Now for the most interesting part of this: The gray line for the power we’re putting into and out of the grid. In the leftmost quarter of the graph, before the sun comes up, what looks like a pale blue is actually the gray “grid” line exactly matching up with the blue “home usage” line. In other words, every kilowatt we used was pulled from the grid and we didn’t pull any more or less. Once the sun comes up, though, you can see the gray separate from the blue and head underneath the zero line and become more or less a mirror image of the yellow solar line. That’s because the solar array is producing more power than we’re using and the excess is being sent back into the grid. If you notice, at 5:00 PM when the stove is on there’s a notch in the gray under the graph; the home usage was greater than the solar production so we drew power from the grid to make up the difference, hence we weren’t sending any power into the grid for a few minutes.

So, overall this was a pretty darn good day for our solar installation! Here’s the summary the app gives for that day:

Basically, we produced 28.1 kWh while the sun was up but we only used 23.6 kWh throughout the entire day (including topping off the batteries at one point) so at the end of the day we made a “profit” of 4.6 kWh. The dynamo at the power plant spun just a little slower that day because some customer somewhere used the power we generated on our roof. Meanwhile, the next day when we turned on the A/C and sucked power out of the grid the first 4.6 kWh was free.

Indeed, here’s the “Impact” screen the Tesla app provides.

According to this view, we negated our electrical impact on the environment plus 22% on top of that. In other words, we had zero impact and assuming our neighbor used the same amount of power as we did that day, and assuming the power we sent into the grid went straight next door, we would have offset 22% of his environmental impact too. This view also tells us we were “29% self-powered” that day, which means of the power we used in our house that day 29% of it came from our own roof.

Note that the Impact view only shows up if you’ve got your batteries in “Backup Only mode.” If you’ve got the batteries set to “Self-Powered mode” where they try and make sure you are the one using your solar power instead of your neighbor it shows a different screen that gives a more detailed breakdown of that “29%” number.
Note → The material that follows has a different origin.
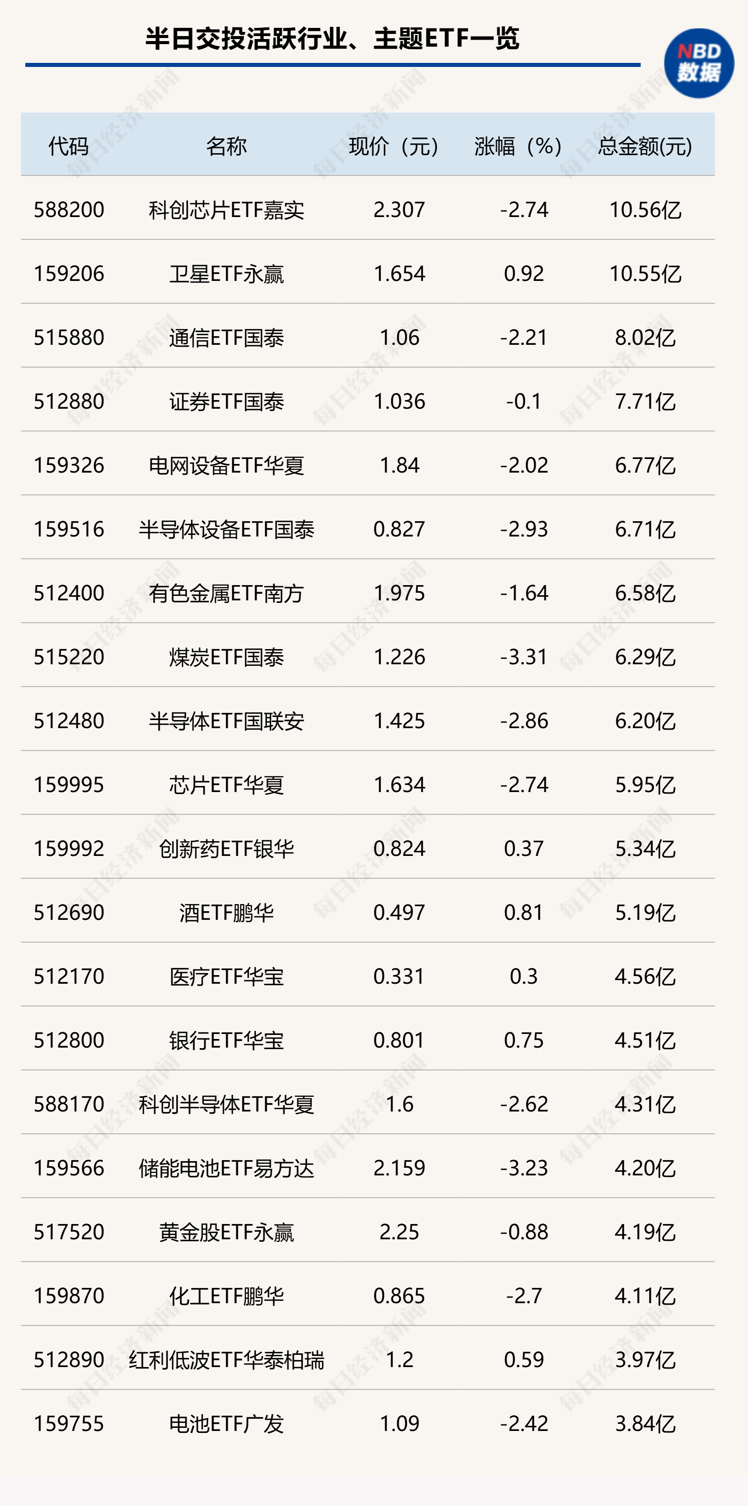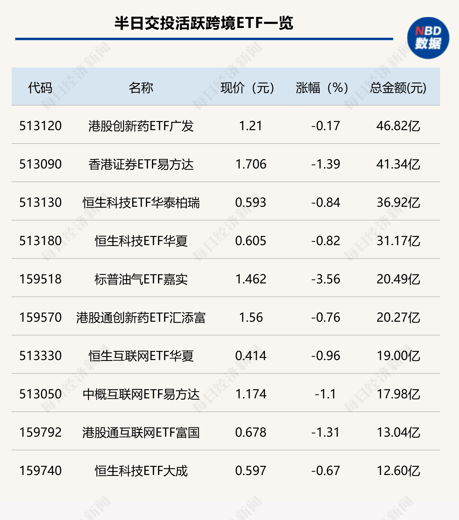 今日上午,行业、主题ETF交投依旧不活跃,仅科创芯片ETF嘉实(588200)和卫星ETF永赢(159206)半日成交金额超过10亿元;跨境ETF方面,港股创新药ETF广发(513120)和香港证券ETF易方达(513090)半日成交金额在40亿元以上。

If you’re curious about what things would look like in “Self-Powered mode” here’s the graph from a nice day back when we had our system set that way:

In the wee hours, my car finishes charging and the power usage drops to the “base level” which is all coming from the grid because the batteries had been depleted the previous evening. When the sun comes up, the solar first starts dumping the excess power into the batteries. The batteries fill up around 1:00 PM and then we start sending the excess power into the grid. Then the sun goes down and our usage comes out of the batteries, hence the blue-green on the right side of the graph.

Here’s the “Performance” view for that day, which shows how Self-Powered we were:

Unfortunately this is a more typical day in “Self-Powered mode”:

This is a day where we turned on the A/C part of the way through the day. The batteries started out empty, after the sun came up we started alternating charging them and pulling power back out to run the A/C, eventually the sun started setting and we were running the house off of the batteries but what charge we had been able to put into them only lasted until about the time the sun set, then we were back on the grid anyway.

So, lots of topics to still talk about later! But for now, this gives you some information about what we’ve been thinking about and observing for the past month!